▸ Your goal: Retype the listing exactly, minus its pictures.

▸ Data shown:
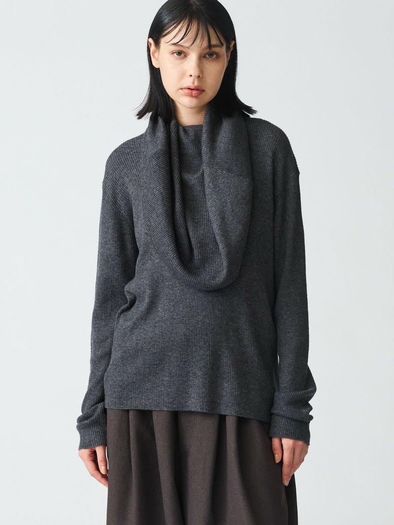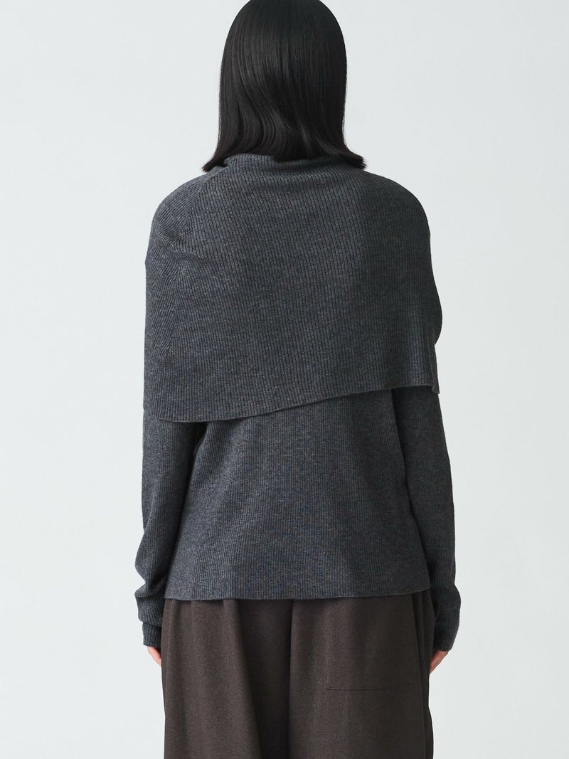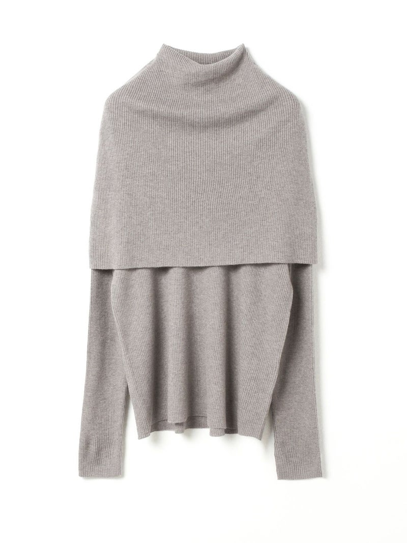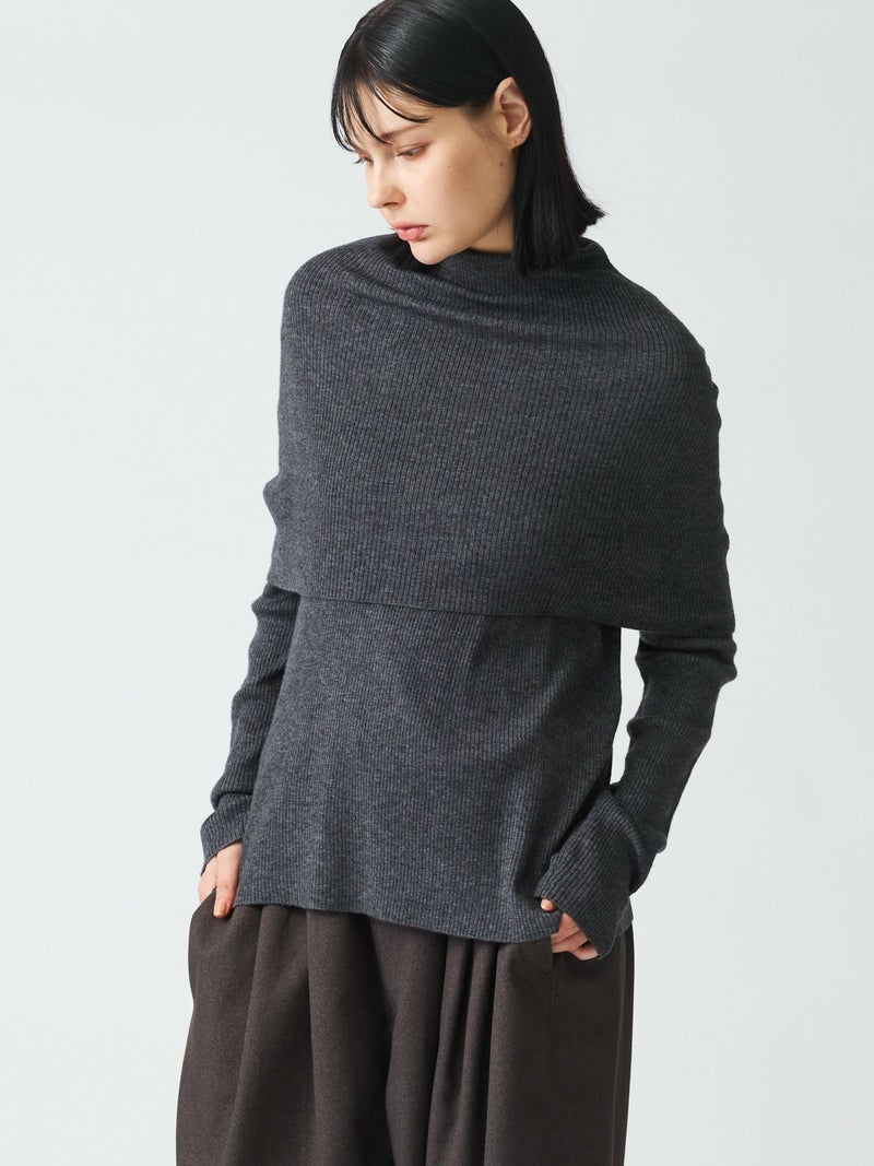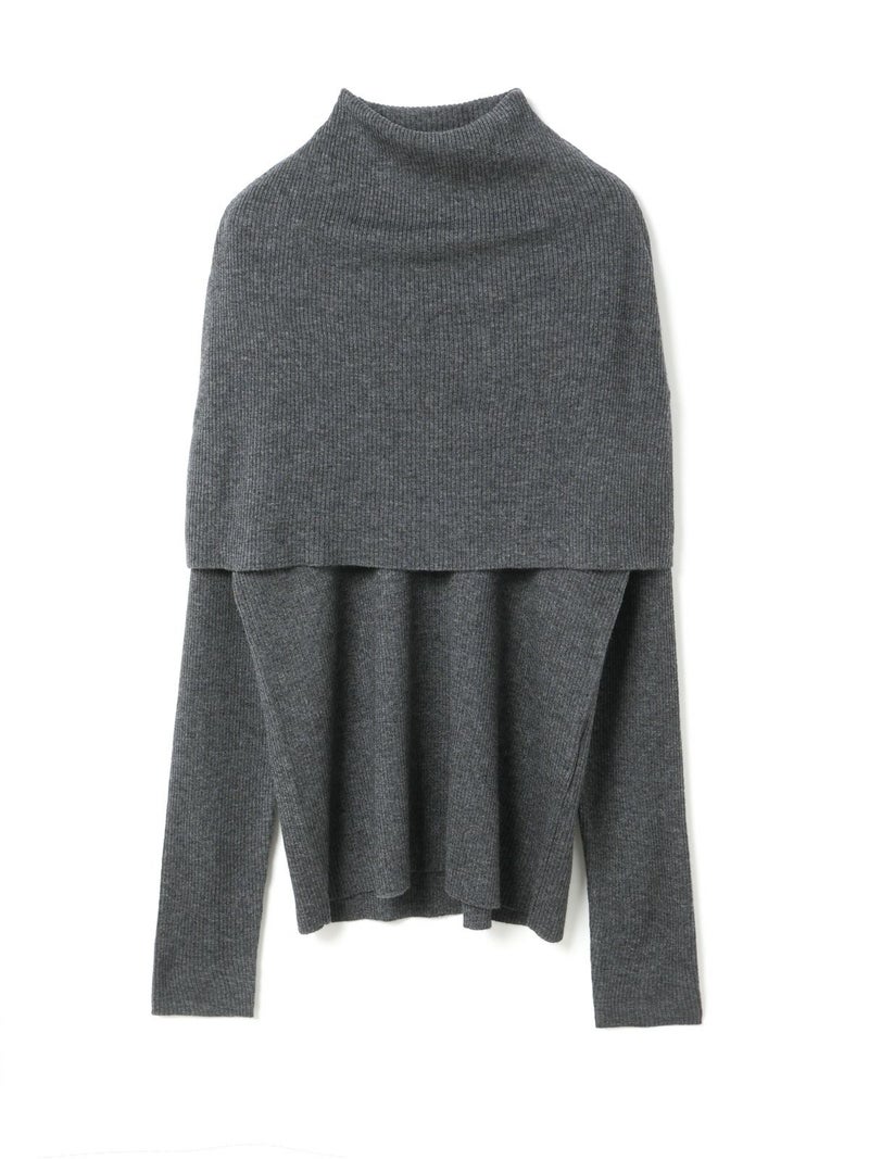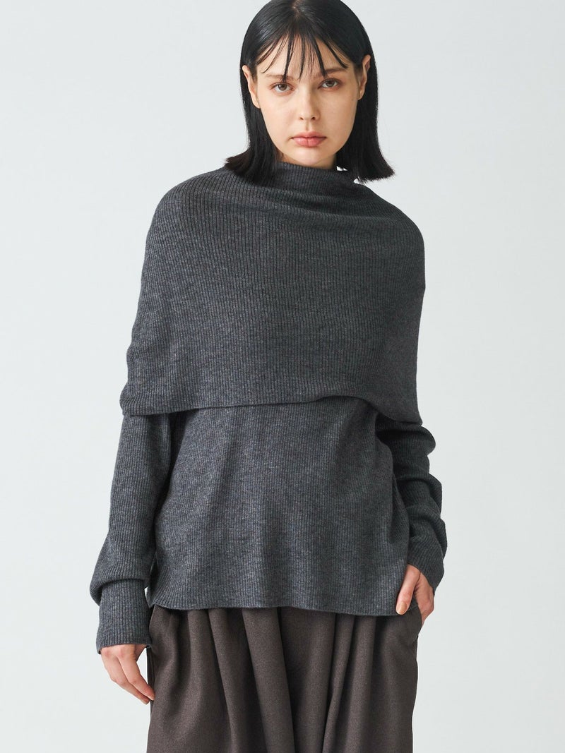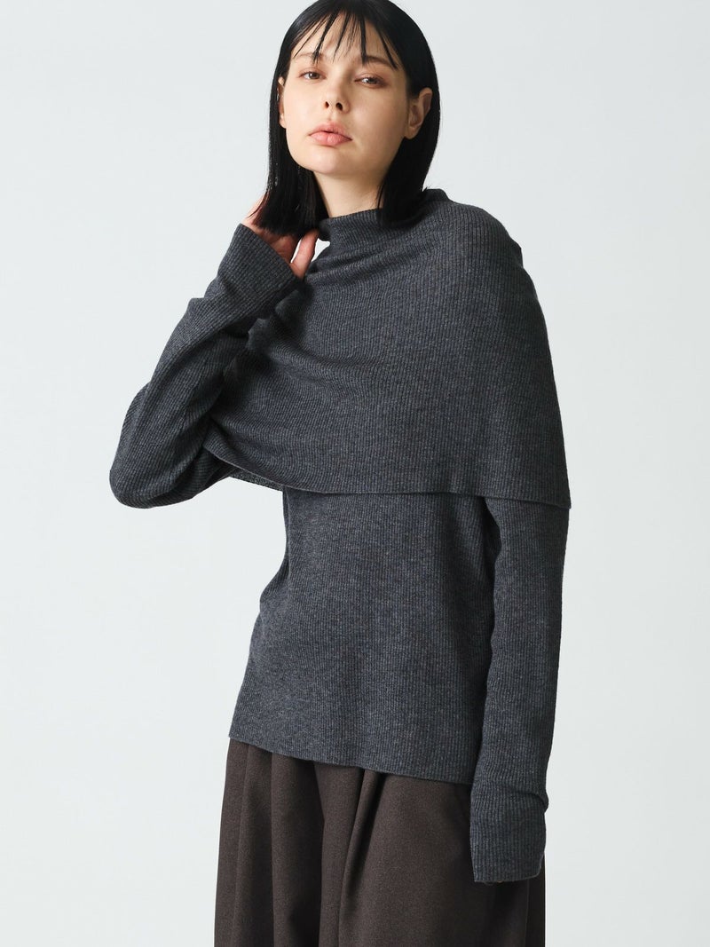 mizuiro indのNEWアイテム、ケープカラーリブプルオーバーです。肩から胸元に重なる温かなデザインが特徴的。上品な雰囲気で新鮮なデザインニットとして今季お勧めの1枚です。ケープ部分を襟元に寄せてスカーフのような着こなしも可。インナー使いをしながら小物使いができる着回しアイテムです。コーディネートするアイテムによって自由自在にオシャレを楽しんでいただけます。手洗い可能。
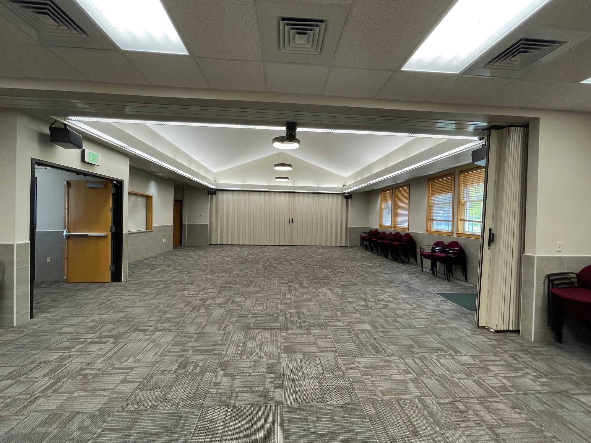 The upstairs has a large gathering area. There are tables and chairs available for your use. A kitchen facility is available just off this room. Restrooms are also available.
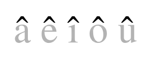 Lettres a, e, i, o et u minuscules portant un accent circonflexe.
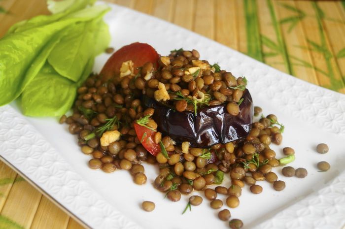 Предлагаю вашему вниманию очень вкусный и полезный салат. От него точно не смогут отказаться любители чечевицы, а также баклажанов.
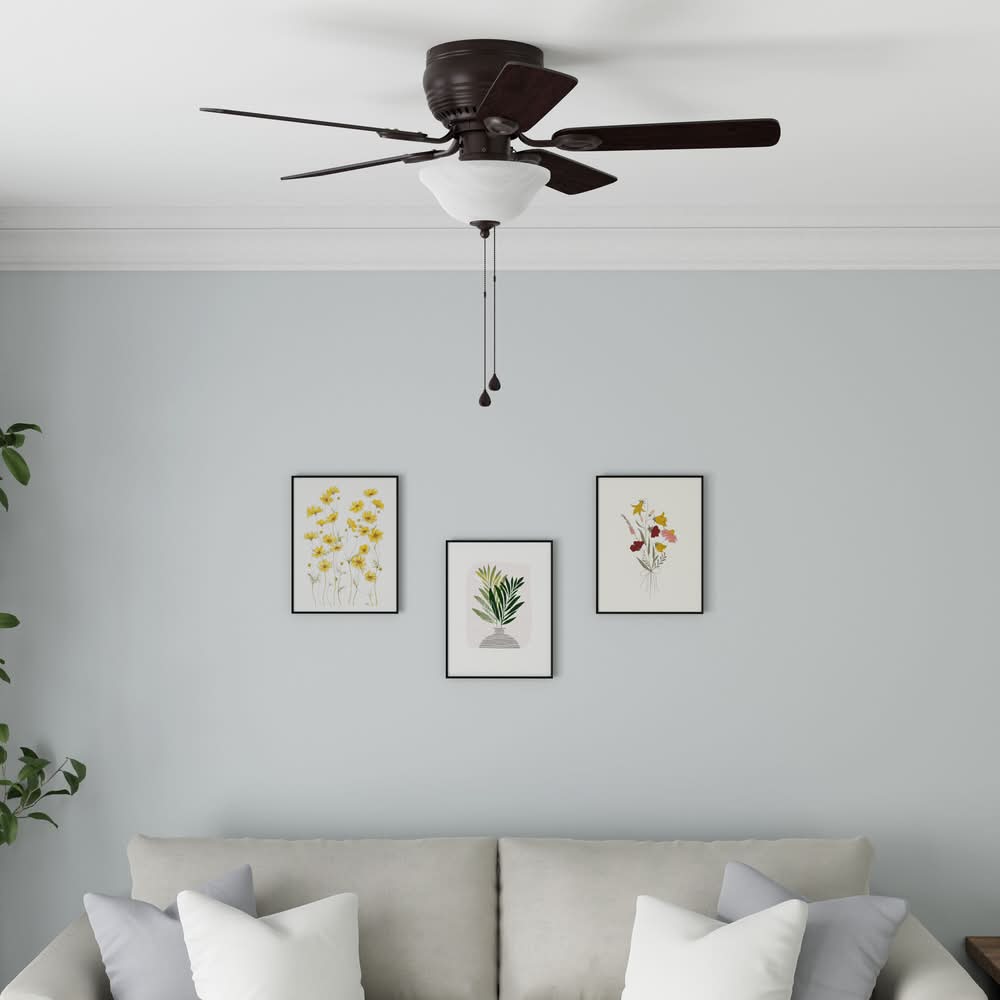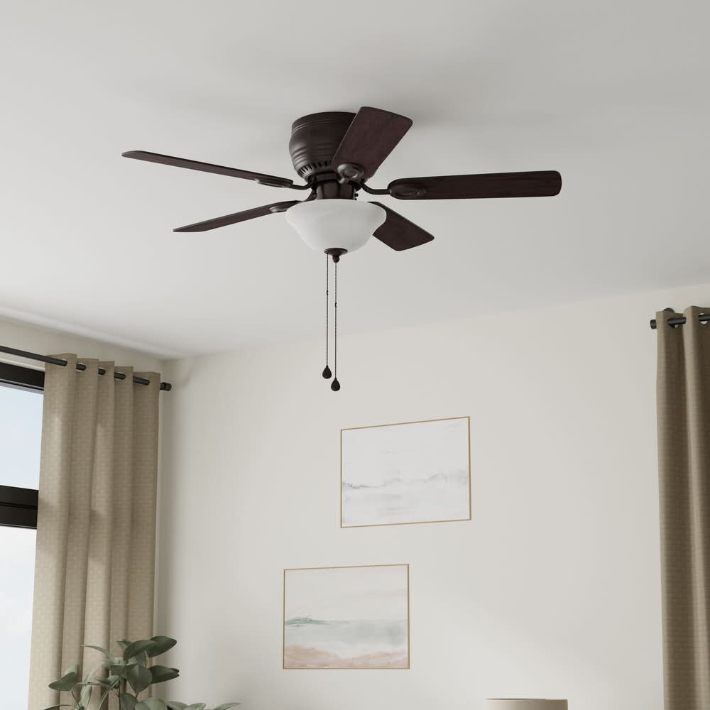 Features a light kit with two 5.5W LED medium base light bulbs.. Only suitable for indoor locations.. At 44-in diameter, this fan is ideal for small rooms up to 100 sq ft.. Includes convenient pull chains to control fan speed and light.. Can only be installed as a flush mount, which is ideal for standard or lower ceilings.. Reversible motor allows for changing the fan direction seasonally to push cool air down in the summer, or distribute warm air evenly in the winter.. Reversible blades to match your style in any room.. This fan provides a CFM of 3087 on high speed.. Replacement shade is available under Lowe's item number 4664707.. Use Location: Indoor For CA Residents Only: WARNING: This product can expose you to chemicals including Lead which are known to the State of California to cause cancer and birth defects or other reproductive harm. For more information go to www.P65Warnings.ca.gov. Color: No
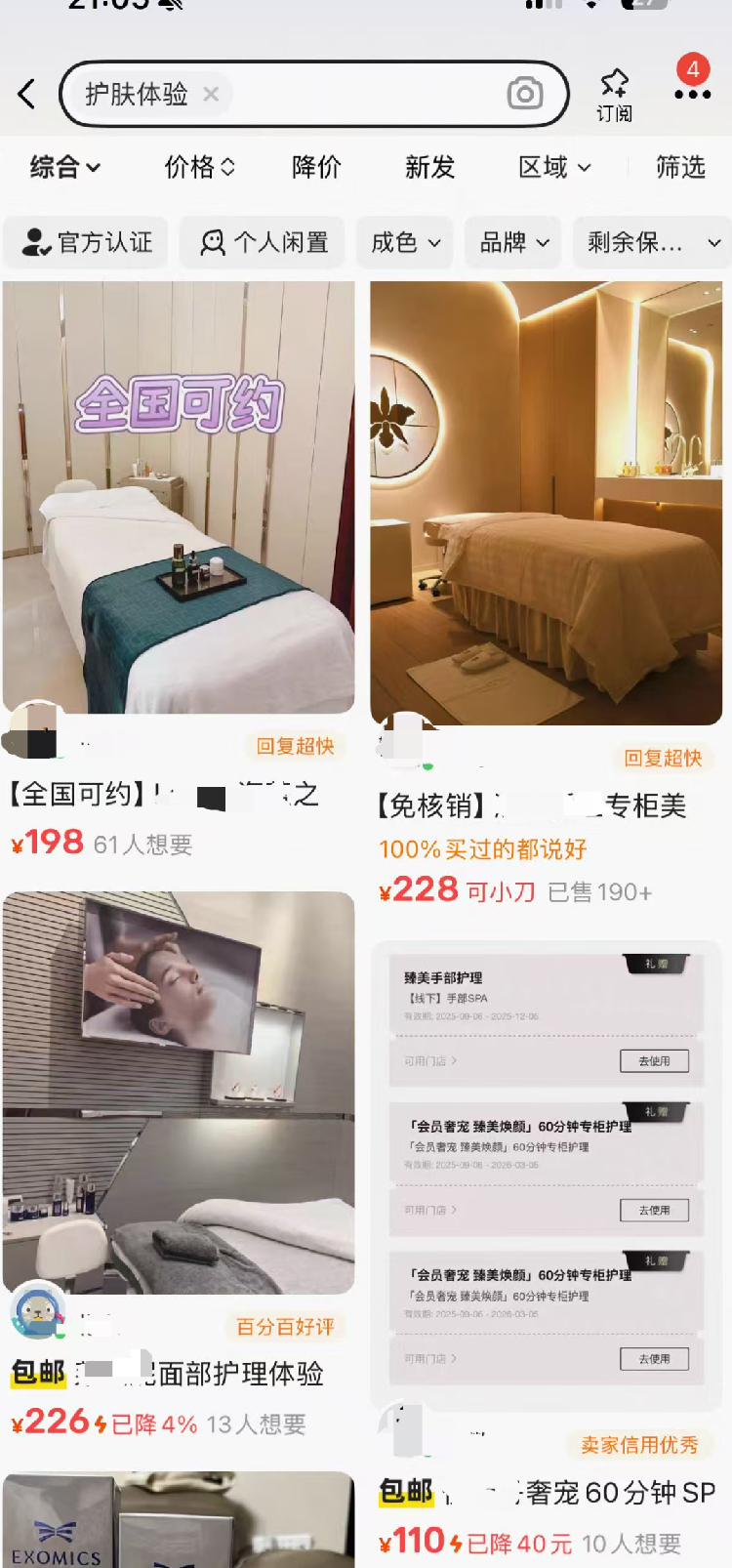 想试一试高奢品牌专柜护理的网友真真,近期在闲鱼找到了不少“闲置中”高奢美容房护理券,价格在一两百元/次。真真说,常去专柜的网友都知道,一些护肤品大牌必须要累计消费到数万元甚至更高级别,才有机会获得一次美容房服务,“但是,在闲鱼上,人人有机会,用更少的钱解锁同款服务。”
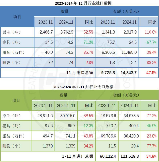 綜合1-11月來看,全行業(yè)進口約12.2億美元,同比上漲34.9%,環(huán)比1-10月漲幅擴大1.6個百分點。其中,原毛和服裝進口量值均保持快速增長,二者進口額占行業(yè)進口總額約28.5%和71.1%,原毛占比略降,服裝占比微升。
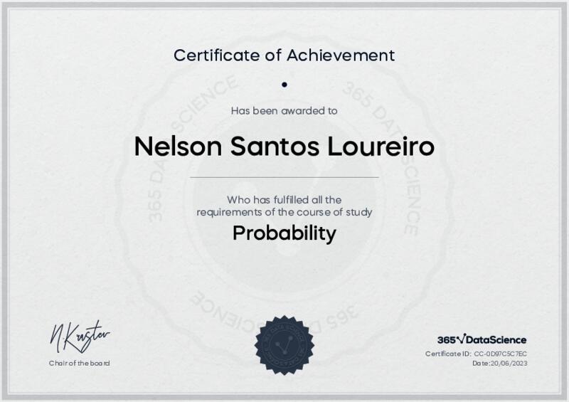 This user has been awarded the Probability Certificate for successfully completing the course exam. Holding this certificate demonstrates their proficiency on the topic and signifies they are qualified to apply their newly acquired expertise in the fields of data analytics and data science.
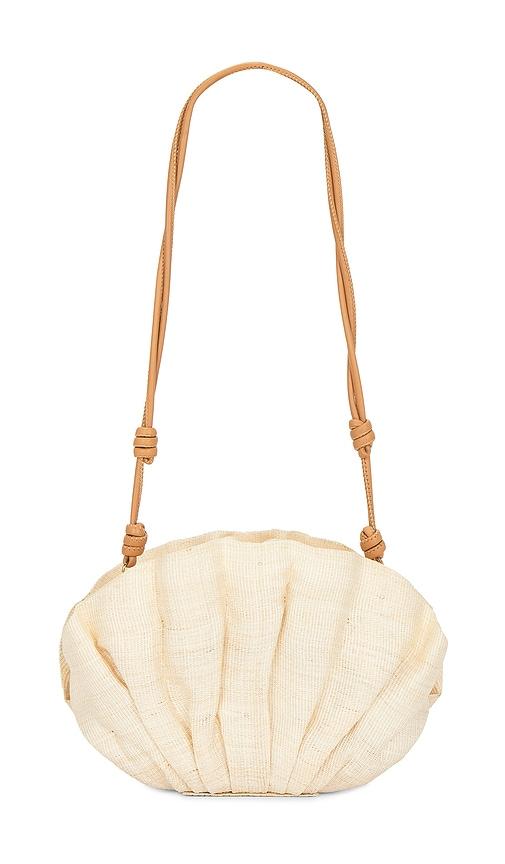 POOLSIDE THE ORIGAMI BEADED SCALLOP CLUTCH IN BROWN.
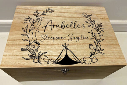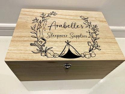 Caja de memoria de recuerdo de madera grabada personalizada grande para fiesta de pijamas
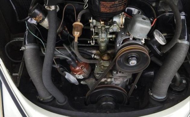 The Beetle’s rear engine compartment is clean and tidy and houses the VW’s original air-cooled, 4-cylinder 1192cc engine which the seller says “runs and drives great.” Horsepower was rated at 40 and gas mileage was estimated at 32 mpg. With its 12.5 gallon gas tank, you could drive about 400 miles between fill ups. The current seller has had this nice survivor for about 15 years, only drives it a few times a year, and is looking for the next caretaker to give it a good home and continue the pampering and preserving. How would this look in your garage?
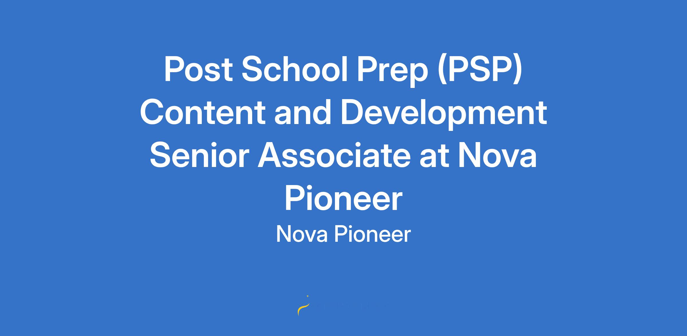Post School Prep (PSP) Content and Development Senior Associate at Nova Pioneer
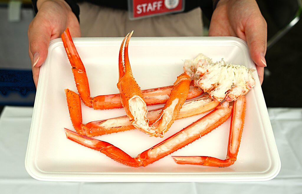 初日に販売した茹でガニ50杯(半身)は約1時間で完売。当日、TV局に生中継されました。筆者としては飲食系イベントの生中継で「完売となった」と聞いたのは初めてでした。

▸ Your response:
 mizuiro indのNEWアイテム、ケープカラーリブプルオーバーです。肩から胸元に重なる温かなデザインが特徴的。上品な雰囲気で新鮮なデザインニットとして今季お勧めの1枚です。ケープ部分を襟元に寄せてスカーフのような着こなしも可。インナー使いをしながら小物使いができる着回しアイテムです。コーディネートするアイテムによって自由自在にオシャレを楽しんでいただけます。手洗い可能。
 The upstairs has a large gathering area. There are tables and chairs available for your use. A kitchen facility is available just off this room. Restrooms are also available.
 Lettres a, e, i, o et u minuscules portant un accent circonflexe.
 Предлагаю вашему вниманию очень вкусный и полезный салат. От него точно не смогут отказаться любители чечевицы, а также баклажанов.
 Features a light kit with two 5.5W LED medium base light bulbs.. Only suitable for indoor locations.. At 44-in diameter, this fan is ideal for small rooms up to 100 sq ft.. Includes convenient pull chains to control fan speed and light.. Can only be installed as a flush mount, which is ideal for standard or lower ceilings.. Reversible motor allows for changing the fan direction seasonally to push cool air down in the summer, or distribute warm air evenly in the winter.. Reversible blades to match your style in any room.. This fan provides a CFM of 3087 on high speed.. Replacement shade is available under Lowe's item number 4664707.. Use Location: Indoor For CA Residents Only: WARNING: This product can expose you to chemicals including Lead which are known to the State of California to cause cancer and birth defects or other reproductive harm. For more information go to www.P65Warnings.ca.gov. Color: No
 想试一试高奢品牌专柜护理的网友真真,近期在闲鱼找到了不少“闲置中”高奢美容房护理券,价格在一两百元/次。真真说,常去专柜的网友都知道,一些护肤品大牌必须要累计消费到数万元甚至更高级别,才有机会获得一次美容房服务,“但是,在闲鱼上,人人有机会,用更少的钱解锁同款服务。”
 綜合1-11月來看,全行業(yè)進口約12.2億美元,同比上漲34.9%,環(huán)比1-10月漲幅擴大1.6個百分點。其中,原毛和服裝進口量值均保持快速增長,二者進口額占行業(yè)進口總額約28.5%和71.1%,原毛占比略降,服裝占比微升。
 This user has been awarded the Probability Certificate for successfully completing the course exam. Holding this certificate demonstrates their proficiency on the topic and signifies they are qualified to apply their newly acquired expertise in the fields of data analytics and data science.
 POOLSIDE THE ORIGAMI BEADED SCALLOP CLUTCH IN BROWN.
 Caja de memoria de recuerdo de madera grabada personalizada grande para fiesta de pijamas
 The Beetle’s rear engine compartment is clean and tidy and houses the VW’s original air-cooled, 4-cylinder 1192cc engine which the seller says “runs and drives great.” Horsepower was rated at 40 and gas mileage was estimated at 32 mpg. With its 12.5 gallon gas tank, you could drive about 400 miles between fill ups. The current seller has had this nice survivor for about 15 years, only drives it a few times a year, and is looking for the next caretaker to give it a good home and continue the pampering and preserving. How would this look in your garage?
Post School Prep (PSP) Content and Development Senior Associate at Nova Pioneer
 初日に販売した茹でガニ50杯(半身)は約1時間で完売。当日、TV局に生中継されました。筆者としては飲食系イベントの生中継で「完売となった」と聞いたのは初めてでした。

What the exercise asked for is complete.